The records below must be transcribed exactly, with each picture left out.

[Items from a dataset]
* * *

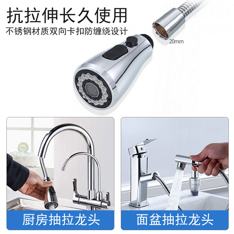 Pull-out kitchen basin cold and hot water faucet stainless steel hose bathtub disassembly telescopic faucet water pipe 1 5 meters
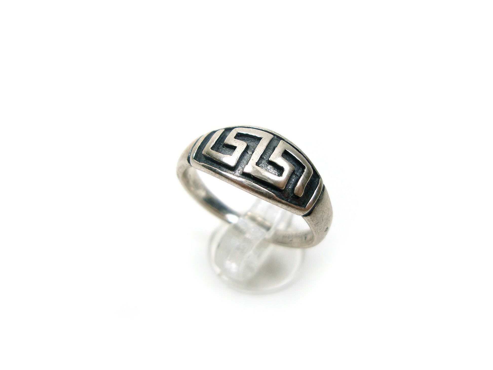 Sterling Silver 925 Ancient Greek Meander Eternity Oxidized Key, Griechische Silber Ring, Bijoux Grecque En Argent Bague, Greek Jewelry
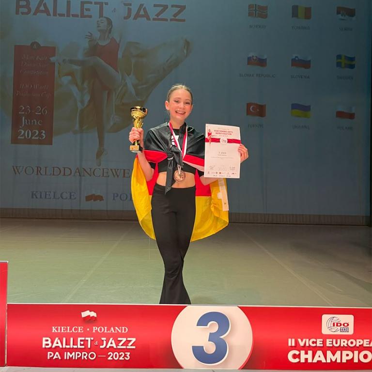 Christian Weiß (TSC Recklinghausen) konnte gleich zwei dieser Medaillen ertanzen! Für ihn hieß es Vize-Europameister im Modern& Contemporary bei den Männer-Solos der Erwachsenen (20 Starter) und Bronze für sein Jazz-Solo. Bei den Erwachsenen Solistinnen im Modern & Contemporary ist die Konkurrenz bekanntlich viel größer und war in diesem Jahr mit 53 Tänzerinnen besonders groß und stark. Valentina Wiesener (Tanzhaus ad libitum, Halle) konnte sich durchsetzen und tanzte sich bis in die Finalrunde. Dort hieß es dann Platz 4 und somit ganz knapp am Treppchen vorbei! Einen weiteren vierten Platz bei sehr starker Konkurrenz (41 Starterinnen) gab es für Loona Höft (Coswiger Kinderzentrum) bei den Junioren-2 Solistinnen im Jazz.
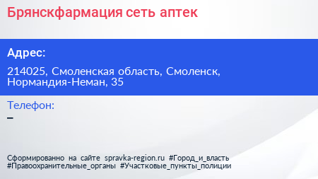 Брянскфармация, сеть аптек по адресу 214025, Смоленская область, Смоленск, Нормандия-Неман, 35 в дальнейшем Организация, размещена в следующих категориях:
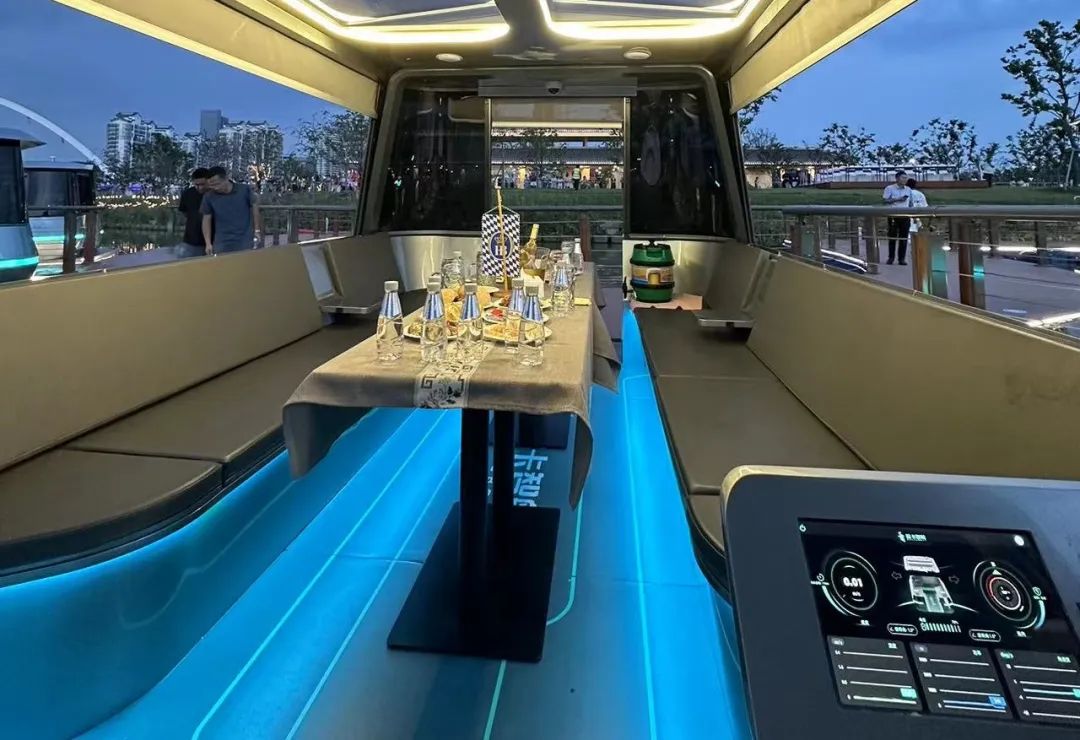 作为江阴首届的运河啤酒音乐节,创新引入欧卡智舶5艘具备水面L4级自动驾驶技术的 “汐” 自动驾驶游船后,衍生并开发出了多种商业场景:水上浪漫夜餐、高级商务接待、沉浸式科技交互水面观光等。

* * *

Solution for this exercise:
 Pull-out kitchen basin cold and hot water faucet stainless steel hose bathtub disassembly telescopic faucet water pipe 1 5 meters
 Sterling Silver 925 Ancient Greek Meander Eternity Oxidized Key, Griechische Silber Ring, Bijoux Grecque En Argent Bague, Greek Jewelry
 Christian Weiß (TSC Recklinghausen) konnte gleich zwei dieser Medaillen ertanzen! Für ihn hieß es Vize-Europameister im Modern& Contemporary bei den Männer-Solos der Erwachsenen (20 Starter) und Bronze für sein Jazz-Solo. Bei den Erwachsenen Solistinnen im Modern & Contemporary ist die Konkurrenz bekanntlich viel größer und war in diesem Jahr mit 53 Tänzerinnen besonders groß und stark. Valentina Wiesener (Tanzhaus ad libitum, Halle) konnte sich durchsetzen und tanzte sich bis in die Finalrunde. Dort hieß es dann Platz 4 und somit ganz knapp am Treppchen vorbei! Einen weiteren vierten Platz bei sehr starker Konkurrenz (41 Starterinnen) gab es für Loona Höft (Coswiger Kinderzentrum) bei den Junioren-2 Solistinnen im Jazz.
 Брянскфармация, сеть аптек по адресу 214025, Смоленская область, Смоленск, Нормандия-Неман, 35 в дальнейшем Организация, размещена в следующих категориях:
 作为江阴首届的运河啤酒音乐节,创新引入欧卡智舶5艘具备水面L4级自动驾驶技术的 “汐” 自动驾驶游船后,衍生并开发出了多种商业场景:水上浪漫夜餐、高级商务接待、沉浸式科技交互水面观光等。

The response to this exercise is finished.